Quando se está menstruada, é preciso tomar especial cuidado, pois diz-se que o corpo fica aberto às más influências. Por isso, não se deve passar por cima de lixo ou espojo de animais. Também é preciso estar atenta aos seres do entorno: na Amazônia, dizem que o Boto-Cor-de-Rosa é atraído pelo cheiro das mulheres menstruadas e é capaz de engravidá-las apenas com um olhar. Outro animal que dizem engravidar é a taturana, que é atraída pela urina com sangue e acaba levando a mulher a óbito, com uma barriga cheia de lagartas.

Para evitar cólicas menstruais, existe uma série de estratégias, sejam elas rezas, remédios ou simpatias. Uma das mais simples consiste em dispor em cruz duas folhas de coentrão (Eryngium foetidum) embaixo do lençol da mulher. No dia seguinte, é só tirar e jogar fora. A cólica se vai junto das folhas.

No pós-parto, uma das grandes queixas das mulheres é quanto à presença da Mãe do Corpo ou Dona do Corpo, que é como se chama a entidade que ficava cuidando do bebê no ventre feminino. Depois que ele nasce, ela continua procurando a criança, gerando movimentos na barriga. Esta é uma das explicações tradicionais para os órgãos que vão voltando para suas posições originais, após o nascimento.

Quanto ao ofício das parteiras, vale um alerta. Engana-se quem pensa que este saber tradicional é um contrassenso aos avanços da medicina ou da ciência. A Organização Mundial de Saúde (OMS) afirma que 85% dos partos podem ocorrer sem intervenção médica alguma. Uma figura disposta a fornecer atenção, orientação e afeto é um grande diferencial, especialmente em comunidades onde o acesso aos serviços básicos é dificultado.

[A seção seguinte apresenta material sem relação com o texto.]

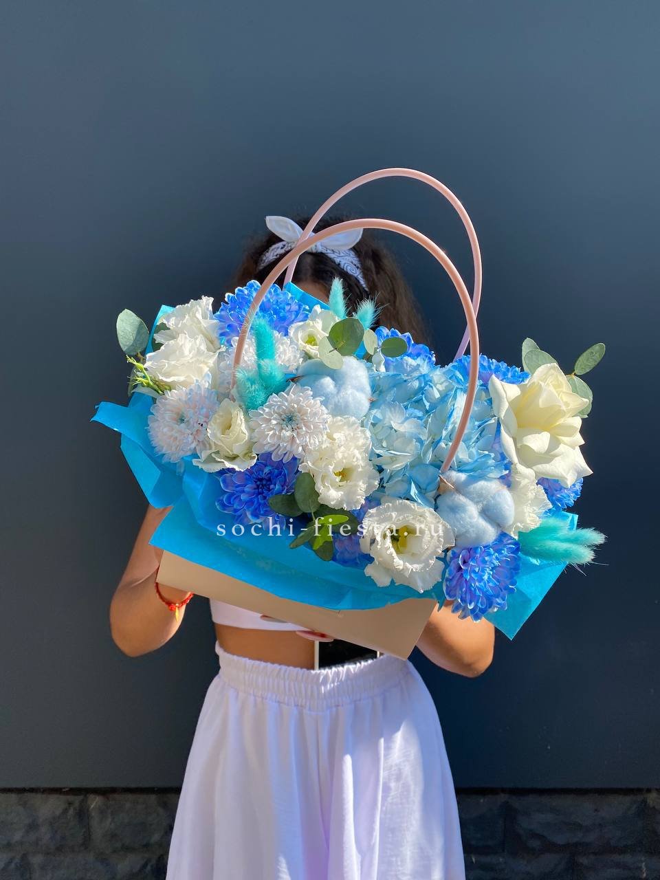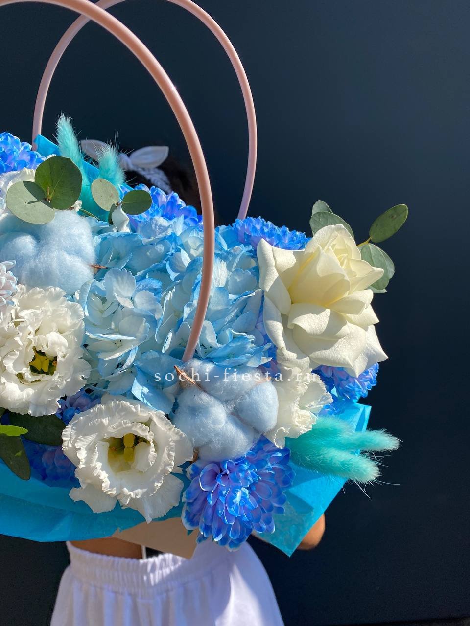 гортензия, герберы, диантусы, роза, альстромерии, эустомы, лента, эвкалипт,  сумка-кашпо.
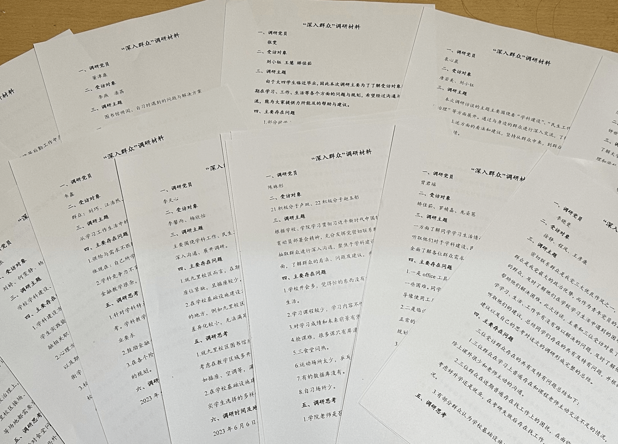 本科第二党支部组织全体党员同志从学科建设、民生工作、学校治理等方面和身边的同学深入沟通,调研访谈,将同学们的意见建议凝练总结后形成调研报告,积极寻求改进的方式方法,充分发挥党密切联系群众的优势,坚持从群众中来、到群众中去,听民声、察民情,努力为群众做好事、办好事。
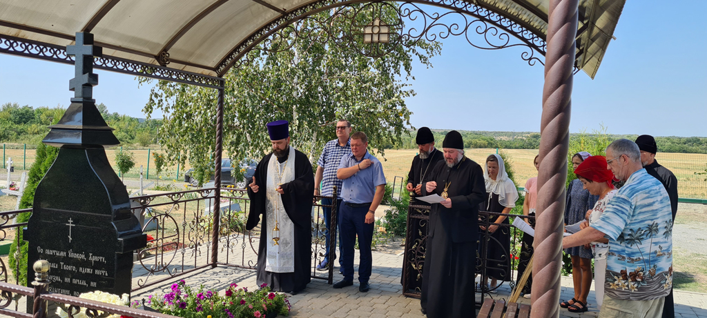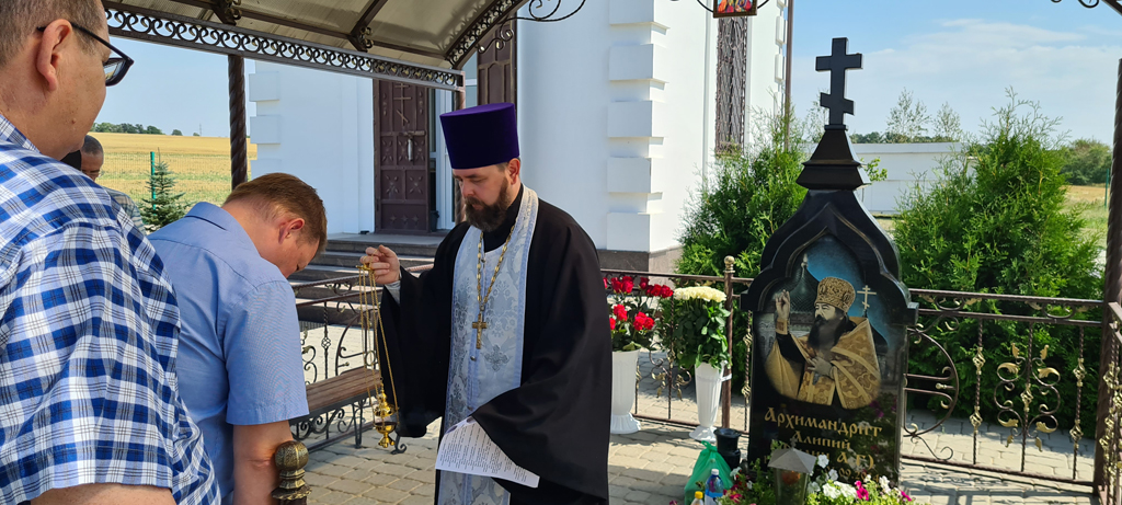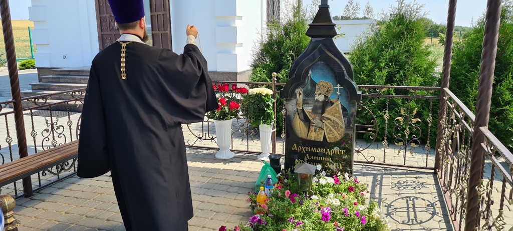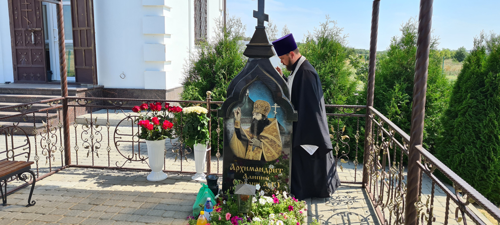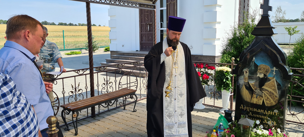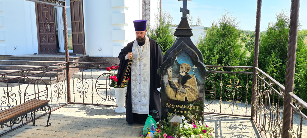 Преосвященнейший епископ Симон, протоиерей Роман и духовные чада архимандрита Алипия совершили панихиду на месте его погребения.
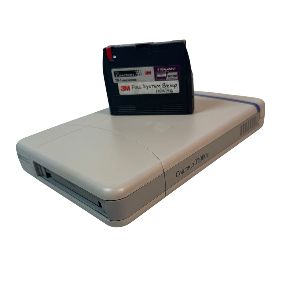 The Hewlett Packard HP Colorado T1000e Travan Tape Drive is an external tape drive specifically designed for use with PCs. It has a storage capacity of 800 MB and is compatible with Travan TR-1 Minicartridges for writable format. This unit, model T1000e, is ideal for storing data in a compact and efficient manner.
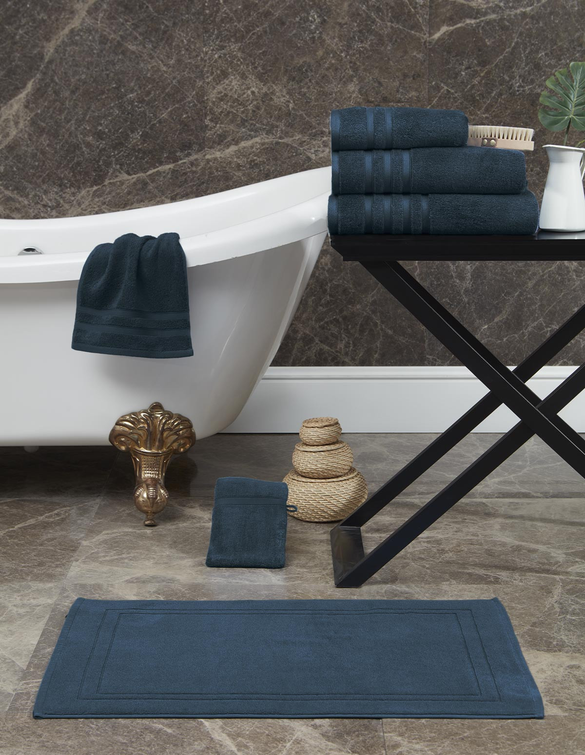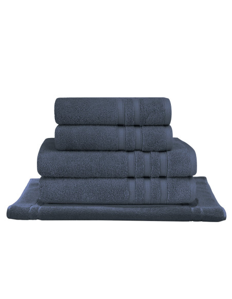 • Set complet 5 pièces : 2 serviettes 50x100 cm, 2 draps de bain 70x140 cm et 1 tapis 50x80 cm
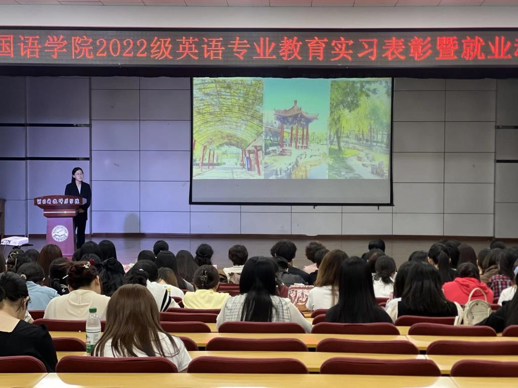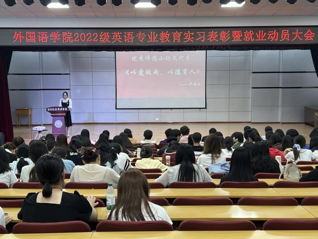2025年9月25日,太阳成集团tyc122cc英语专业教育实习表彰暨就业动员大会在多功能厅圆满召开,该专业2022级全体同学以及部分2023级员工参加了大会。此次大会全面回顾了上个学期的教育实习成果,表彰了在实习期间表现优异的同学,为师生提供了分享经验、交流心得的平台,并对大家今后的就业指明了方向,进一步推动了师范生培养质量的提升。
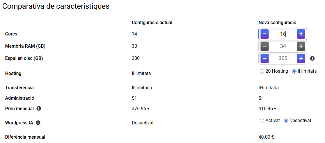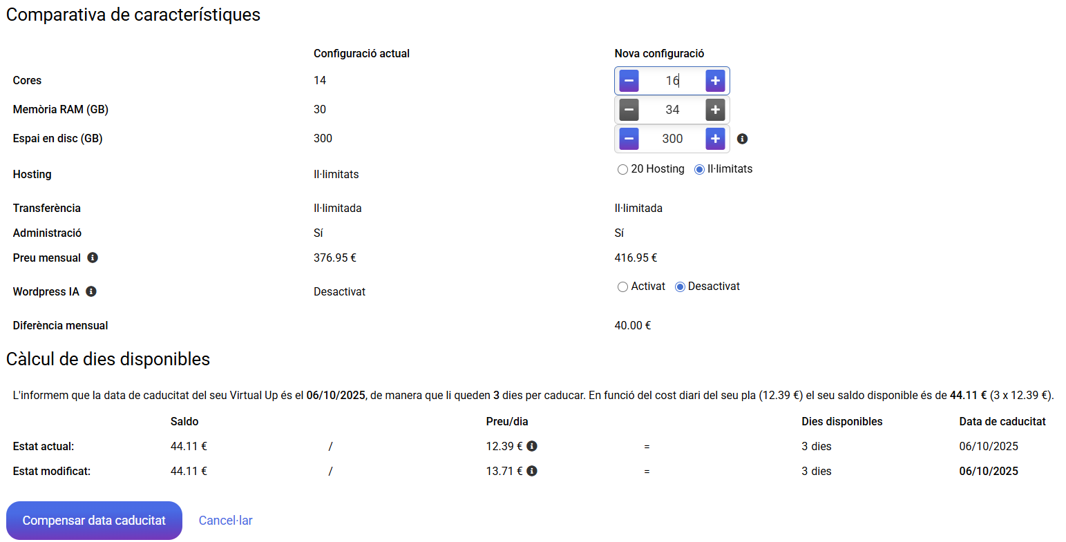 En aquest formulari podràs modificar: Cores, Memòria Ram, Espai en Disc i el número de Hostings allotjats. Si modifiques Cores, Ram o Espai en disc, es reiniciarà automàticament el servidor Virtual Up.

As boas parteiras, todavia, sabem a hora de encaminhar a parturiente para um médico. Se o bebê está em uma posição que a parteira não consegue virá-lo e reposicioná-lo apenas com as mãos, a cesariana é necessária. No Brasil, no entanto, os números assustam: aproximadamente 55% dos nascimentos são feitos dessa forma. Essa é a segunda maior taxa de partos por cesárea no mundo inteiro.

PARTEIRA
Pontos de Força: 2
Pontos de Vida: 4

Tipo: Gente
Elemento: Água

Habilidade:
Quando esta carta é invocada, você pode, excepcionalmente, invocar uma segunda carta do tipo Gente.

Efeito: Dobradinha

Citação: "Com uma barriga pontuda dessas? Já pode encomendar o enxoval, certeza que é menino."

Artista: Nilberto Jorge

Carta da Parteira, com ilustração de uma senhora parteira com roupa roxa, um pano amarelo nos ombros, cabelo branco e segurando um recém-nascido. Ela olha com cara fechada para o boto cor de rosa de chapéu branco que está na janela no lado de fora, o boto está com cara de sem-graça. Frente à janela uma mesa com uma vela acesa e uma bacia com água e um pano.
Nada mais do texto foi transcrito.